The maternal-fetal interface facilitates vital nutrient transfer and waste removal between the pregnant person and fetus while also protecting the fetus from the extrauterine environment. Understanding the components of the maternal-fetal interface is crucial to fully grasp the dynamics of the immune system during pregnancy. These components of the maternal-fetal interface are necessary in ensuring the successful growth of a fetus during pregnancy.

Decidua: Derived from the uterine endometrium, the decidua serves as a transitional barrier which shields the embryo from maternal immune cells and provides early nutritional support prior to the development of the placenta. Decidual cells, made up of stromal and immune cells, are some of the first that interact with fetal antigens, ensuring immune tolerance to the fetus. The decidua also contributes to the invasion of trophoblasts (i.e., the main cells of the placenta and the first to develop from the fertilized egg), which is pivotal for placental development and remodeling of the spiral arteries, enabling the exchange of waste and nutrients through the placenta.

Fetal-derived Placenta: Formed from fetal trophoblast cells, the trophectoderm acts as a cellular barrier that protects the embryo from infection. Several morphological changes to the developing placenta rapidly take place following this, including the development of chorionic villi which establish primary contact between the placenta and maternal blood supply. The placenta is fully formed at the end of the first trimester.

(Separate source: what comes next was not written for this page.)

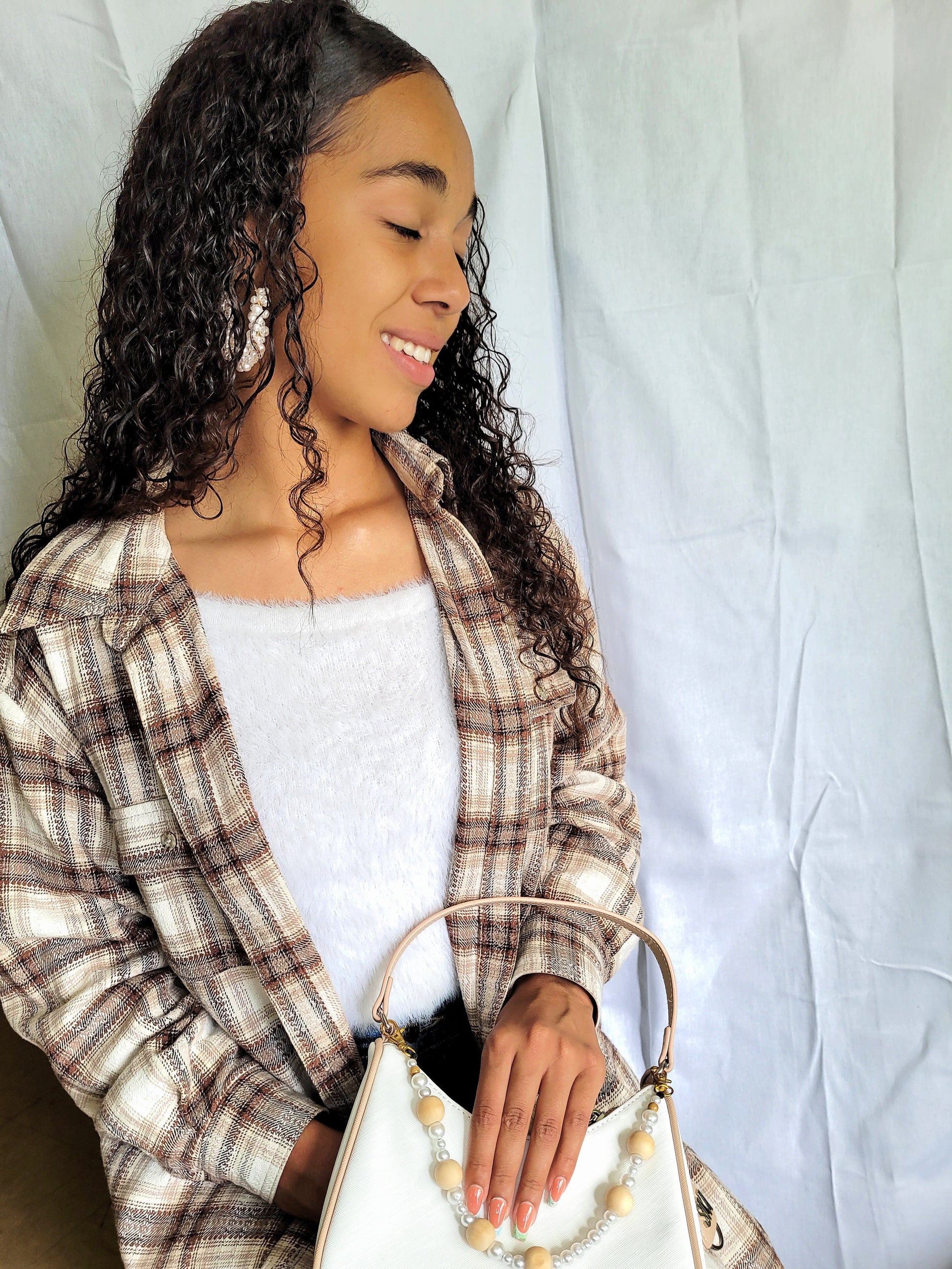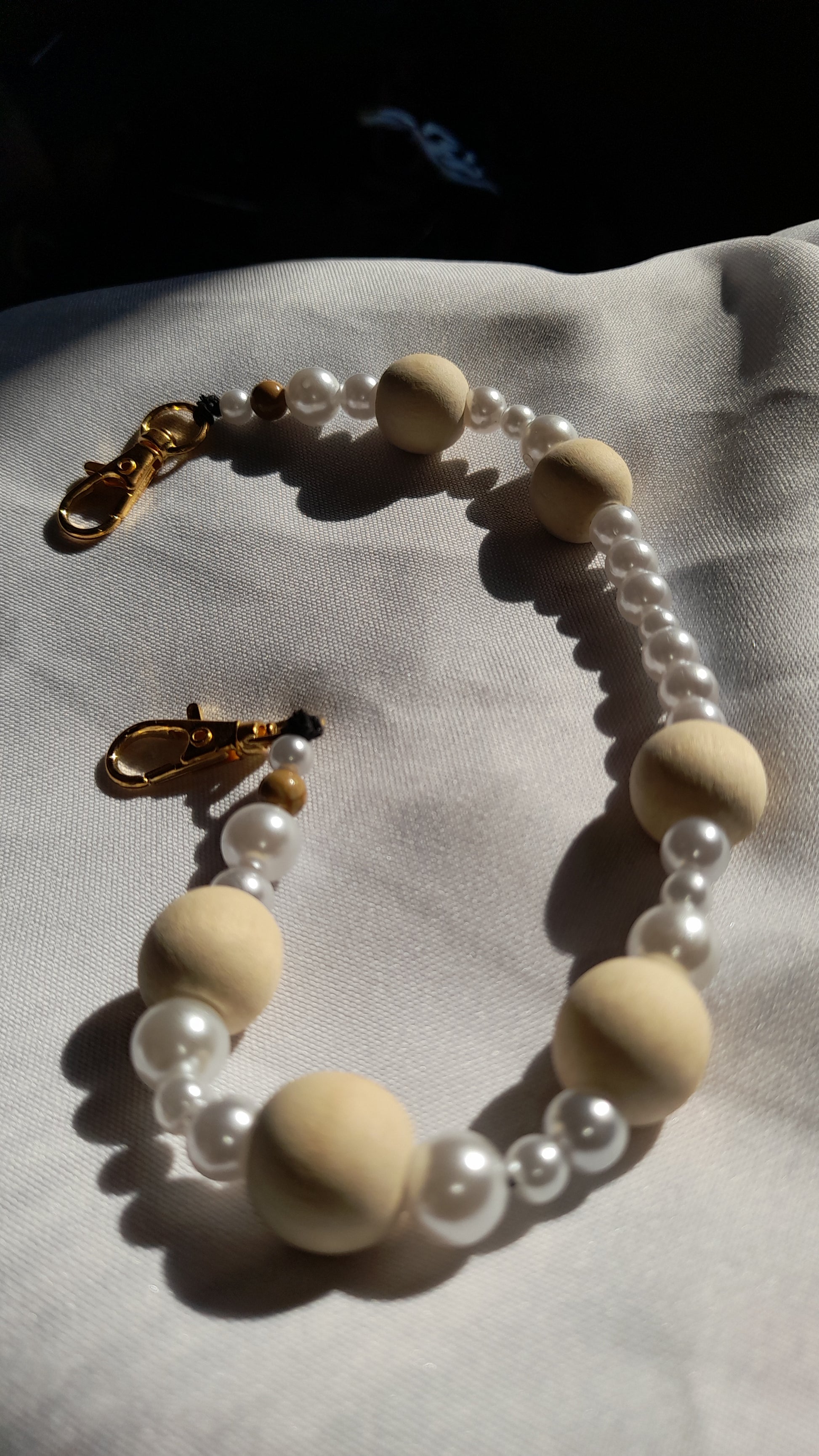 - La chaîne de sac se compose de perles en plastique blanches nacrées et de perles en bois clair

Leukocytes: Leukocytes play a crucial role at the maternal-fetal interface and are recruited through cytokine signals from decidual stromal cells and trophoblasts. The three main leukocytes that that contribute to the interface are decidual natural killer (NK) cells, decidual macrophages, and regulatory T cells (Treg). Decidual NK cells are important for the formation of the decidua, implantation of the embryo, and remodeling of the spiral arteries. These cells also promote trophoblast invasion during placental development through the production of IL-8. Similarly, decidual macrophages contribute to tissue remodelling and blood vessel growth by producing soluble immune factors including vascular endothelial growth factor and matrix metalloproteinases. They also play a key role in the clearance of apoptotic trophoblasts and for protection of the fetus from infections. Finally, Treg cells foster maternal tolerance to fetal antigens by downregulating inflammatory responses, allowing for successful implantation by the embryo. These cells ultimately help maintain an environment conducive to fetal survival.

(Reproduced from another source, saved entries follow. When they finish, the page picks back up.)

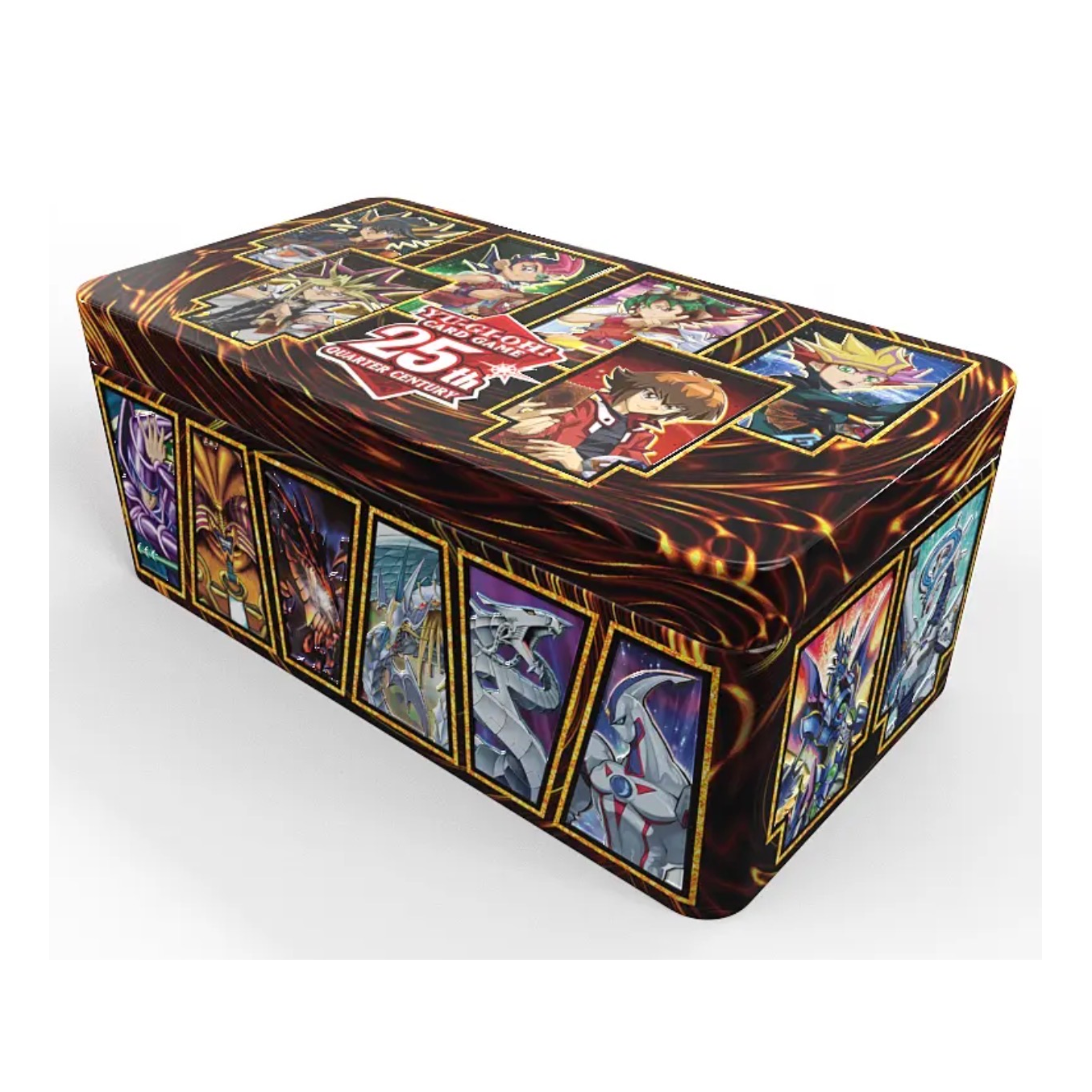 In aggiunta a ciò, ogni Tin inluderà una versione Rara Segreta Quarter Century di uno dei 16 mostri che decorano i lati della tin – alcuni dei più famosi e iconici mostri utilizzati dalla serie Dueling Heroes.
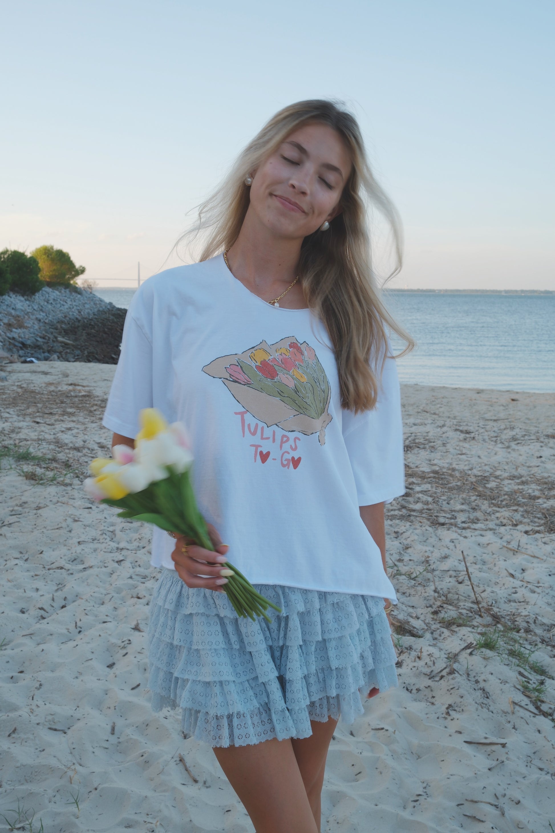 A bouquet you can wear. This tee features a hand-drawn tulip illustration inspired by our love for simple joys. Made with 100% cotton, it’s soft, oversized, and effortlessly charming—just like your favorite farmers market find. Pair it with your go-to denim or a frilly skirt for that “picked these on the way here” look.
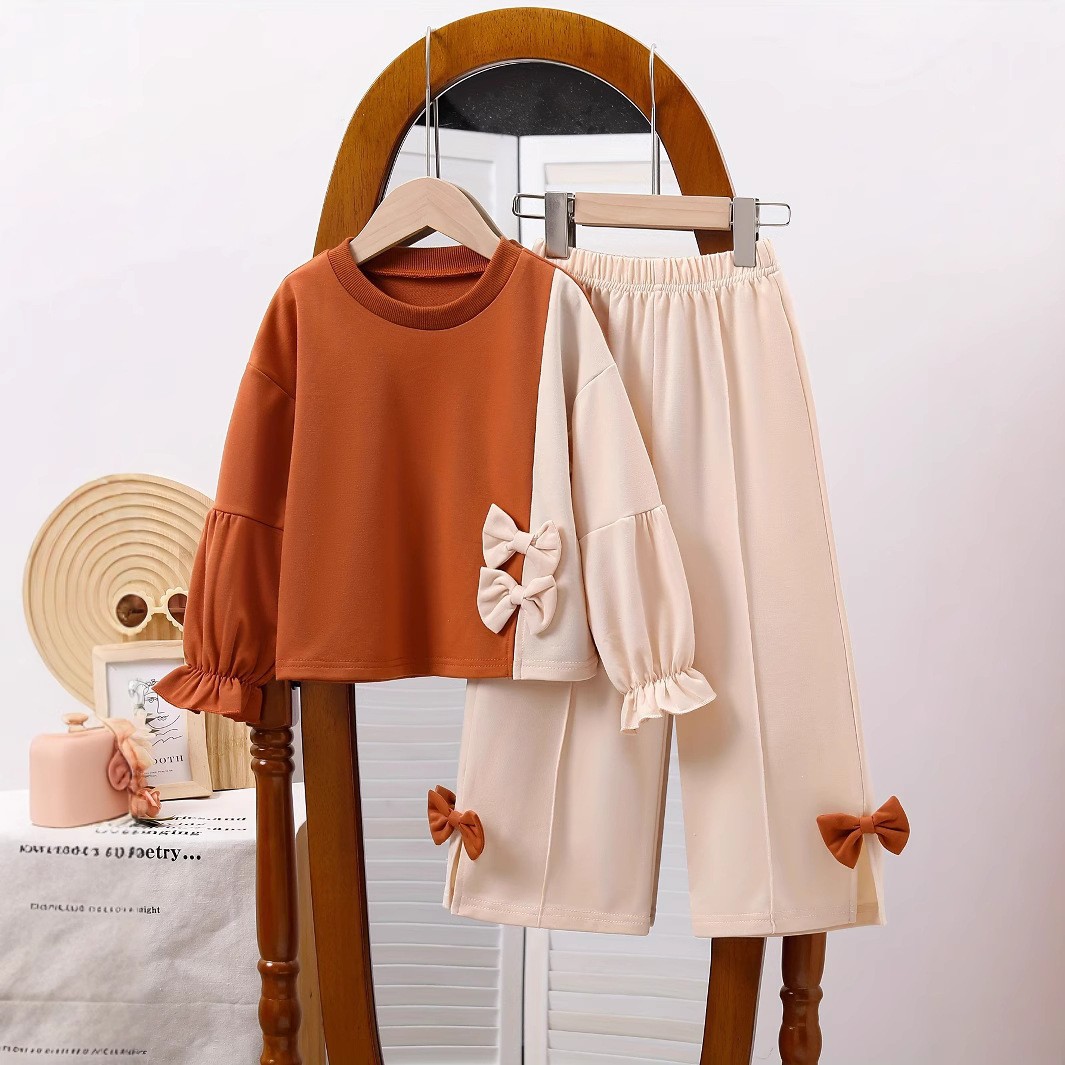 新しい女の子の服、対照的な色、ファッショナブルなツーピースベビー春リボンカジュアルパッチワークスウェットシャツカジュアル
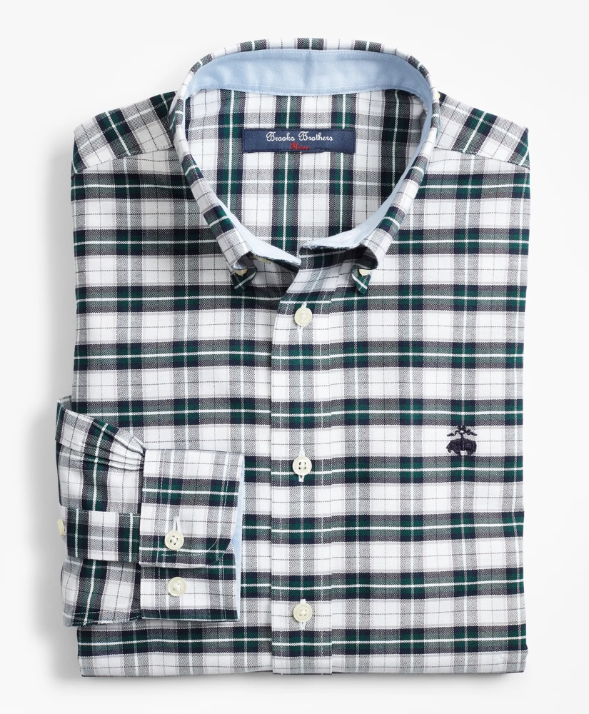 Our non-iron sport shirt is crafted in cotton oxford and specially treated to remain virtually wrinkle free. Button-down collar and our signature 6-Pleat Shirring® at the barrel cuffs. Plaid pattern with our fleece embroidery at wearer's chest. Machine wash according to care instructions for best performance. Imported.
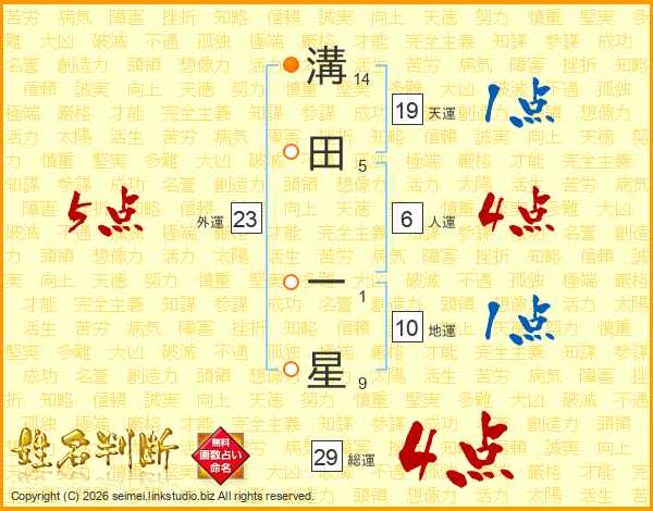 生活面を象徴する運勢です。外部から受ける影響力を表し、結婚運、家庭運や職場、環境への順応性を表します。総運から人運を引いた画数。姓や名が1文字の場合を除く。

The immune system during pregnancy

As the field of reproductive immunology progresses new insights into the immunology of pregnancy have emerged, shedding light on the innate and adaptive immune systems.

Innate Immune System in Pregnancy

Numerous aspects of the innate immune system are modified during pregnancy, a subset of which are discussed below:

The complement system is involved in enhancing the function of phagocytic immune cells and antibodies to clear microbes and cellular debris in an organism. Several studies have reported increased complement activity during pregnancy. This activity is balanced by high levels of regulatory proteins, such as the complement inhibitor Decay-Accelerating Factor (DAF) in peripheral blood mononuclear cells, which functions by inhibiting the effects of complement activation. The balance of complement activation is necessary to prevent cases of preterm birth or pre-eclampsia (disorder of high blood pressure during pregnancy).

Neutrophils, cells that respond against microorganisms through production of toxic granules and reactive oxygen species, are also elevated during pregnancy, with a notable increase observed from the first trimester. During pregnancy, neutrophils undergo significant alterations in their functionality and exhibit retrograde transport of metabolic enzymes that ultimately limits their metabolic output which impacts their overall function. This functional change is likely necessary for a successful pregnancy, as increased neutrophil activity has been shown to impact placental development and can lead to pre-eclampsia.

The role of monocytes during pregnancy has also been extensively studied. In particular, numbers of intermediate monocytes, which are cells that display both inflammatory and phagocytic capacity, are elevated during pregnancy. It is hypothesized that the increase in numbers and activation markers of intermediate monocytes may be influenced by placenta-secreted molecules and overall maternal hormone changes. As pregnancy progresses, these activation patterns and cellular dynamics evolve, with studies supporting the upregulation of genes encoding for IL-10, a regulatory marker, and downregulation of genes encoding for IL-8, an activation marker.

Adaptive Immune System:

As with the innate system, various changes occur within the adaptive immune system that protects both the fetus and mother throughout pregnancy.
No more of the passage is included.